An important observation of the induction triple chemotherapy regimen know as TPF is that there was an unprecedented high proportion of patients treated who had a complete response of their disease upon the completion of the induction phase. In a recent study by Haddad, et al., a biopsy was performed in all patients following induction chemotherapy and before starting concomitant chemoradiotherapy. Patients with an incomplete response to chemoradiotherapy or who had N3 disease had a neck dissection 6 to 12 weeks after chemoradiotherapy.
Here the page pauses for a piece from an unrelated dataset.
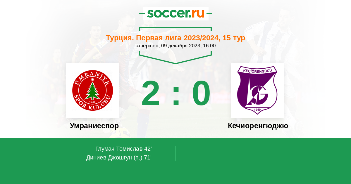 Протокол матча Умраниеспор против Кечиоренгюджю

Twenty-nine neck dissections were performed after chemoradiotherapy. The neck dissection result was pathologically positive in 7 (24%) patients (all alive with no evidence of disease) and negative in 22 (76%) patients (21 alive with no evidence of disease). Post-TPF, primary site biopsy result was negative in 64 patients (89%) and positive in 8 patients (11%). While the protocol required all patients to subsequently receive concomitant chemoradiation regardless of disease response to the induction component of the regimen, it is reasonable to question whether the complete responder subset really needed to undergo the same intensive chemoradiation treatment compared to the partial responders. Thus, a less intense therapy may be sufficient. The long term goal of this protocol is to alter the model of highly effective cancer therapy from what is maximally tolerated by the patient to what is minimally necessary for a cure.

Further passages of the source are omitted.